A man is running late for a very important meeting in Melbourne. He cannot find a car park anywhere and in desperation he calls on the LORD to help him and says "If you find me a car park I will go to Mass every Sunday for the next year".

Immediately a car exits and there is his spot.

In a flash he says "Forget about it LORD I found one."

11 Replies
Tee1008 profile image
Tee1008

Wonderful watercolour 😄 Did you paint it?

Tee x

in reply to Tee1008

You obviously do not know me Tee , you should see me with a paint brush!!

I keep looking at the fire cracker wondering what will happen when it goes off.

Will

Tee1008 profile image
Tee1008 in reply to

💨💨✨

😄😄😄

velvet55 profile image
velvet55

G'day Matey

Hee hee, ....Love the picture,

xx

in reply to velvet55

G'day Velvet,

it certainly is an explosive scene.

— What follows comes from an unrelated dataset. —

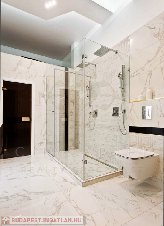 A fürdőszobákban Valentino és La Fabrica burkolatok, valamint Duravit és Grohe szaniterek találhatók. Az egyedi tervezésű bútorok és törölközőszárítók tovább növelik az exkluzivitást, az egyik fürdőszobában pedig egy Ravak hidromasszázs kád biztosítja a pihenés élményét.

Takes me back to when I was 7.

Our gang collected beer bottles all year,taking them to the bottleo every week.

We amassed eight guineas (avg weekly wage in 1948 was $2.10 shillings)

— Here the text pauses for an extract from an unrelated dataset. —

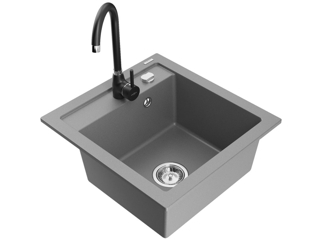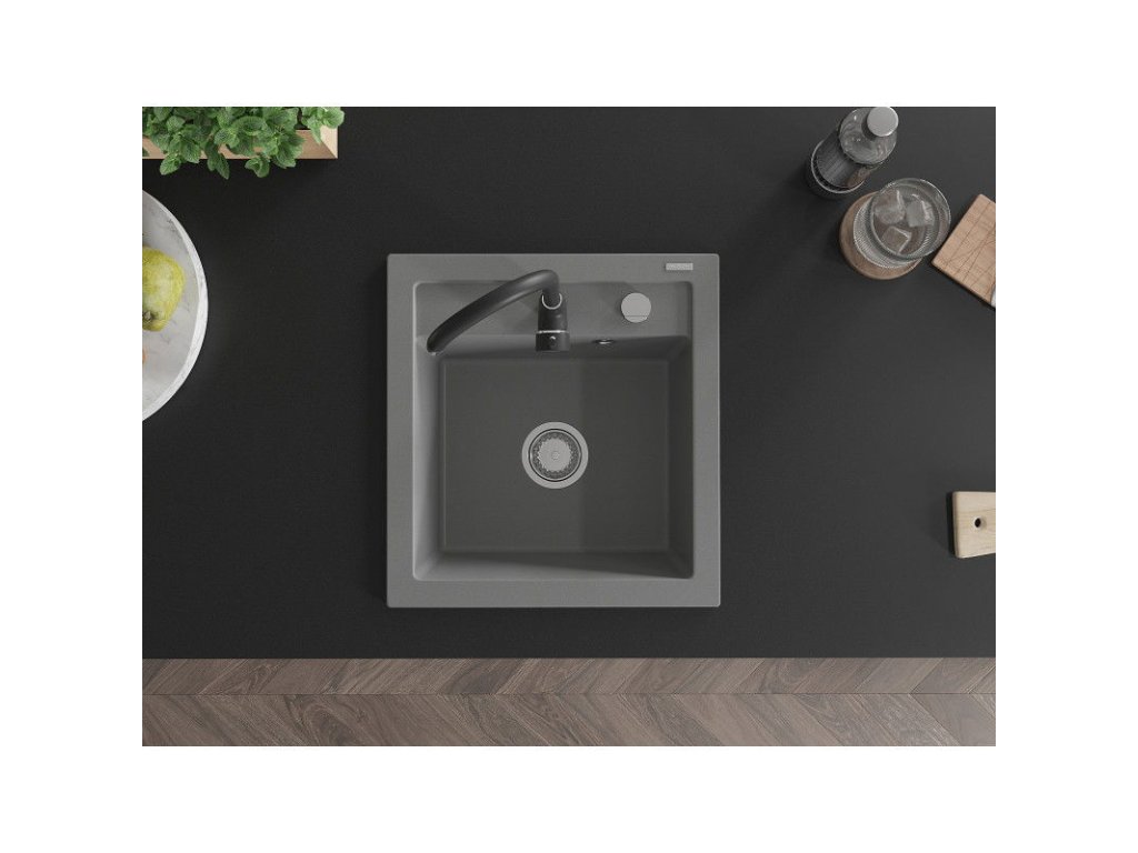 Granitový drez Mexen Vito s 1 misou a kuchynskou batériou Telma, sivý - 6503-71-670200-70

Spent the lot on fireworks, let everyone know that on Guy Fawkes night we would put on an amazing show, which we did, dramatically.

A kid rode past our stash and threw a penny bunger, yes , right into one of the bags containing the crackers.

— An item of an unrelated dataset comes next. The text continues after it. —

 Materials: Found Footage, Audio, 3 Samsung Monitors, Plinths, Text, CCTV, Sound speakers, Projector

The show was over in about 2 minutes followed by putting out the fire to the front porch,washing down of the brick front of the house and repainting it later.

Every time I see this scene it takes me back to 1947.

And I can now laugh about it!!

Nighty night Mate

Will

velvet55 profile image
velvet55 in reply to

G,day Will

You sound as if you were lucky not to have burnt the house down !

I bet you had your backside slapped for that little lark 😂

G'day mate

Pome Velvet xx

Azure_Sky profile image
Azure_Sky in reply to

Did you catch up with the kid and give him a clip round the ear, or worse?

in reply to Azure_Sky

No  In all the excitement we never gave it a thought, first panic as they exploded, then flight to get away in case there was one almighty bang then watched in awe as all the varying colours emitted from the bags then look for a hose so I guess he made a quick get a way.

A memorable night for all concerned.

Will

No Velvet

Never ever had my bum smacked always with a leather belt .They knew how to apply discipline in those days, (maybe the people in authority need to look at it now)

One of the rare times my backside was not sore,my dad was furious,not because of the damage, you see this happened at a friends home,thank GOD, our place was built with timber and weatherboards.He was mad that we wasted 8 guineas and it took some time for him to believe how we earned that much money.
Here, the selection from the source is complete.